DIRECTIONS: Below are some entries. Transcribe the lines from the one holding "Looking for the" to the one holding "Ами че аз и", inclusive, but not the pictures among them.

RECORDS FOR THE EXERCISE:
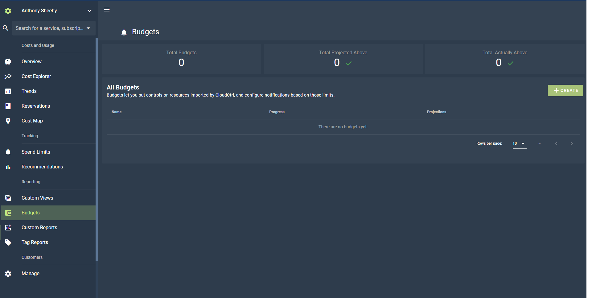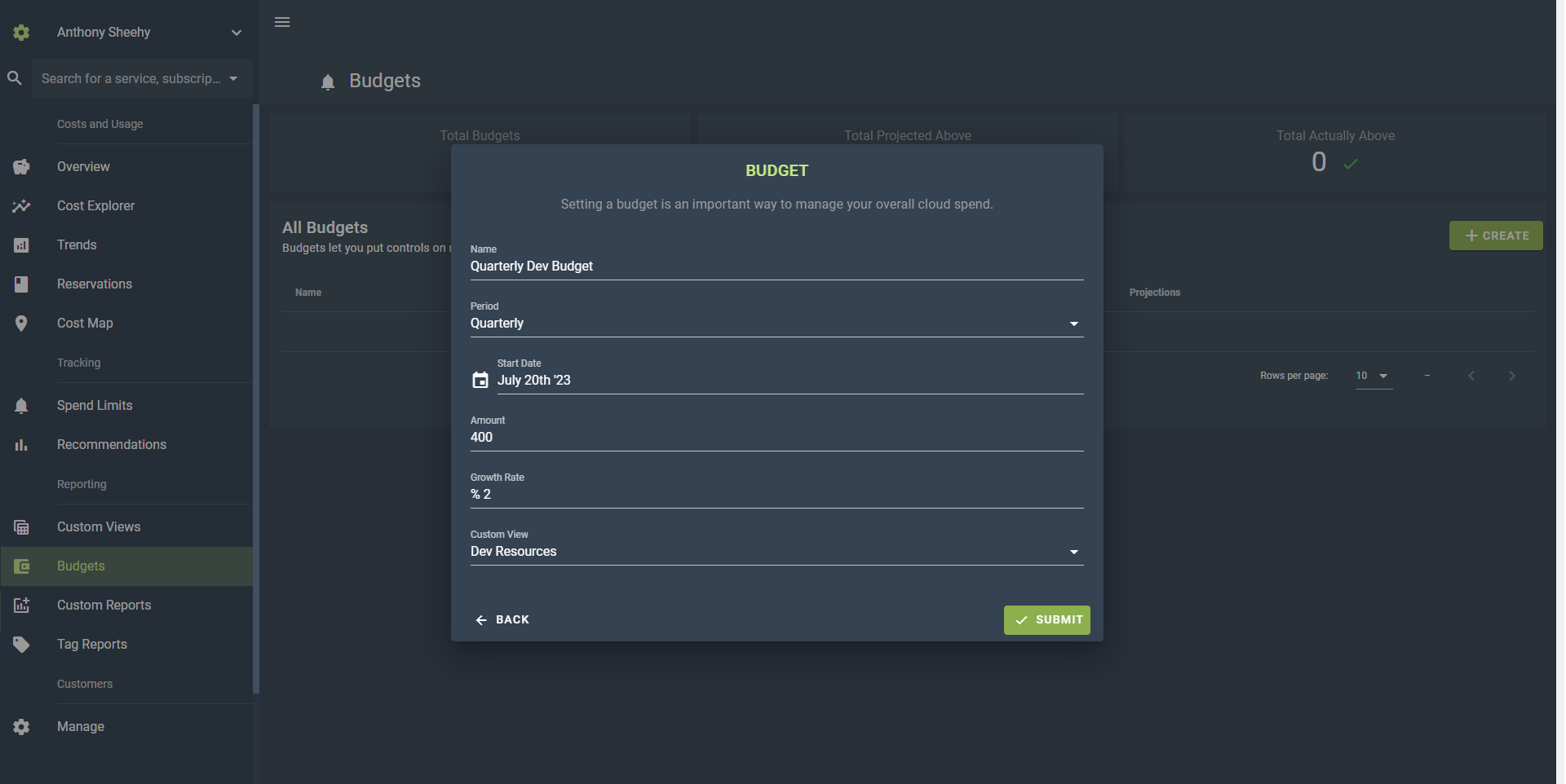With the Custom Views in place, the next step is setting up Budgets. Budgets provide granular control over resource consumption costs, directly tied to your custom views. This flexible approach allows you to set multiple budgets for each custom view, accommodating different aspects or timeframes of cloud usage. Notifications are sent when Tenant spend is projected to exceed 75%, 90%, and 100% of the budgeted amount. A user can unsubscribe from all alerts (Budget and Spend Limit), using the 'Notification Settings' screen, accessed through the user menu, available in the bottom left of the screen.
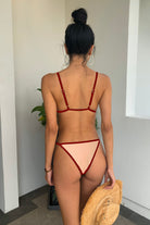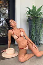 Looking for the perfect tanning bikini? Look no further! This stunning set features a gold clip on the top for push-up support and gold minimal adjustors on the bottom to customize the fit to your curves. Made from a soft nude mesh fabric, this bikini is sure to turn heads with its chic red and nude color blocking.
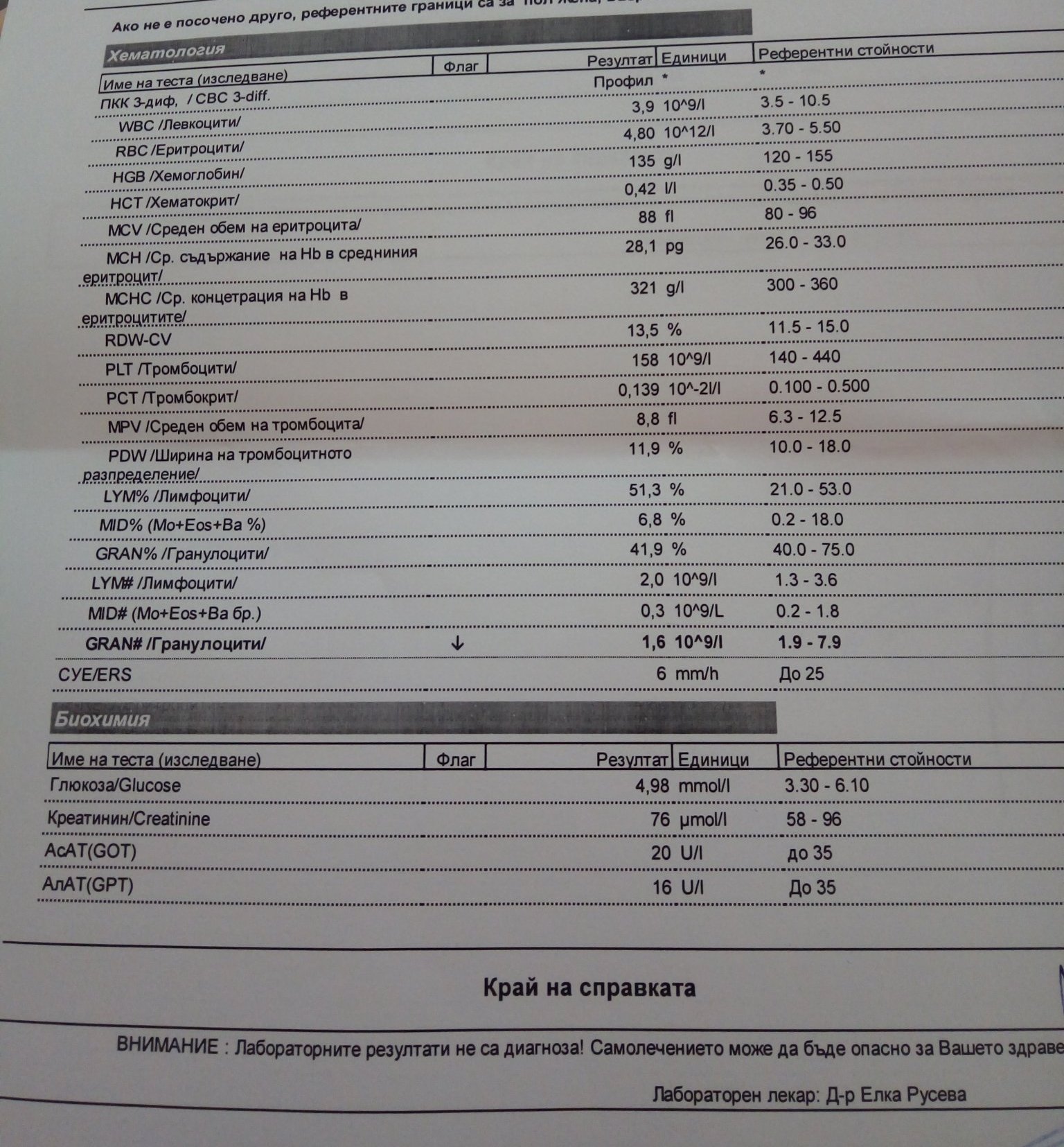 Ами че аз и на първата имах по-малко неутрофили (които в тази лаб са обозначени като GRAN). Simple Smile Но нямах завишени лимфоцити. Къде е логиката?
---
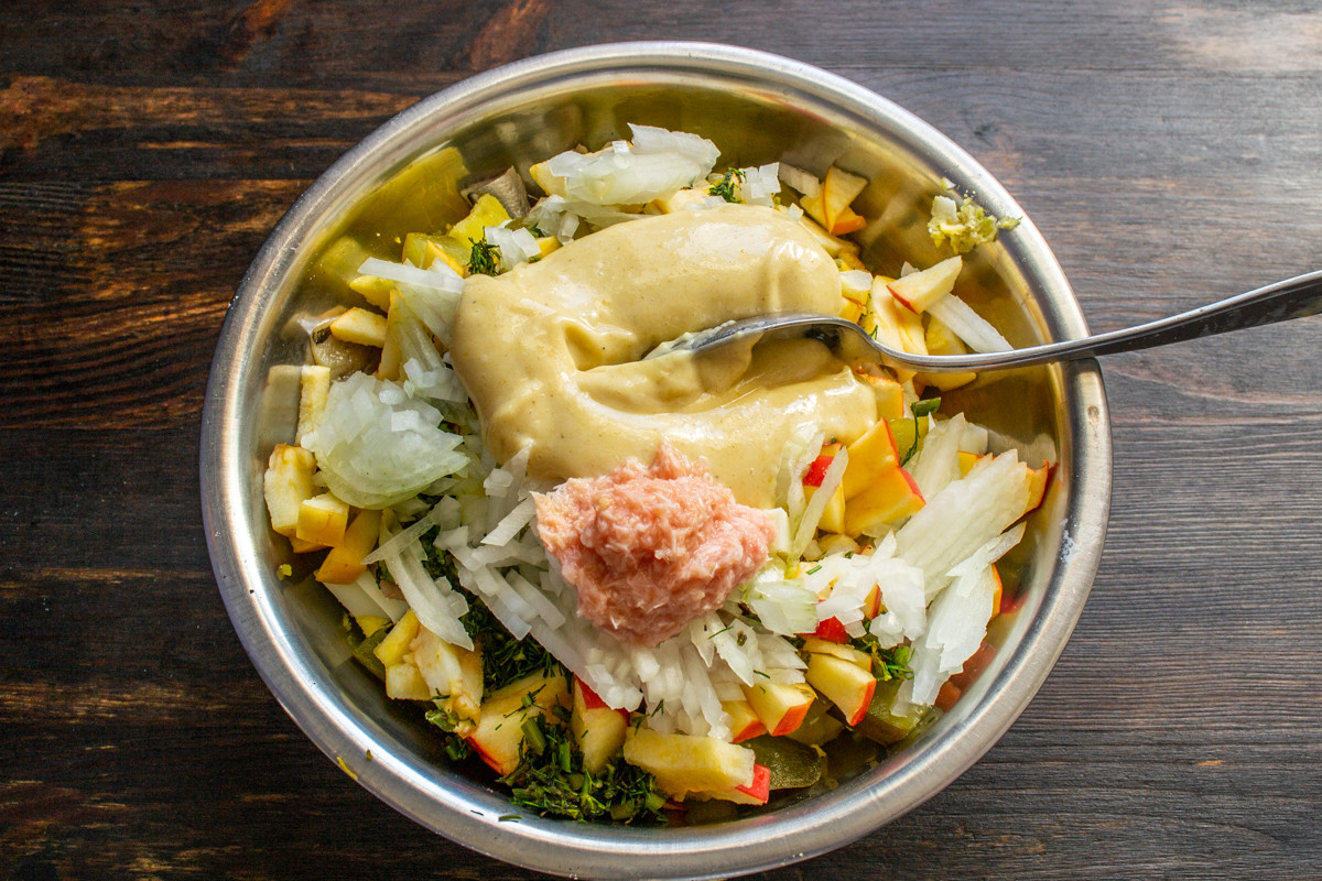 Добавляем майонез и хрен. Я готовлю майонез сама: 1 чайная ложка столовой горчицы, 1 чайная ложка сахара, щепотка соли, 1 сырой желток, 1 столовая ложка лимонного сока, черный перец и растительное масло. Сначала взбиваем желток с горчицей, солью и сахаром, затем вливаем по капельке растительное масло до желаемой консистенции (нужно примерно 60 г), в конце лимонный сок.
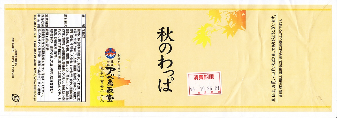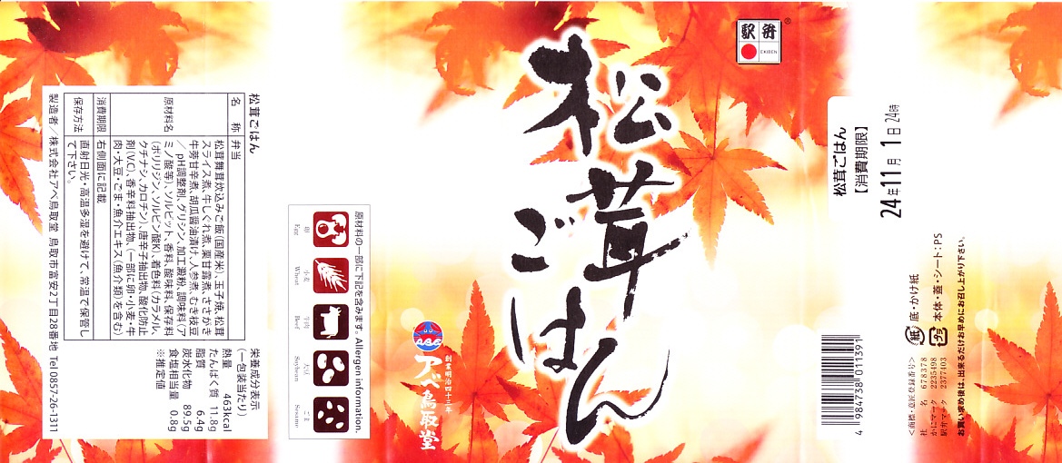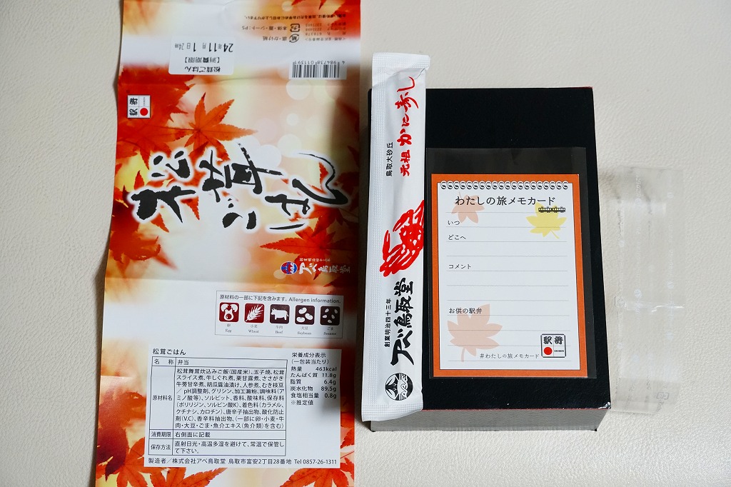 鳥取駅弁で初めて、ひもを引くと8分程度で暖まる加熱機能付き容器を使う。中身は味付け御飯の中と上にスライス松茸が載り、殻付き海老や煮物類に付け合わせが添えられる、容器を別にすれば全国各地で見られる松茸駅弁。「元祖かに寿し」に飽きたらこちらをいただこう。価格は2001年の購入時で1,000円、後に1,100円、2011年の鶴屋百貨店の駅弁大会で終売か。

SOLUTION FOR THIS PROBLEM:
 Looking for the perfect tanning bikini? Look no further! This stunning set features a gold clip on the top for push-up support and gold minimal adjustors on the bottom to customize the fit to your curves. Made from a soft nude mesh fabric, this bikini is sure to turn heads with its chic red and nude color blocking.
 Ами че аз и на първата имах по-малко неутрофили (които в тази лаб са обозначени като GRAN). Simple Smile Но нямах завишени лимфоцити. Къде е логиката?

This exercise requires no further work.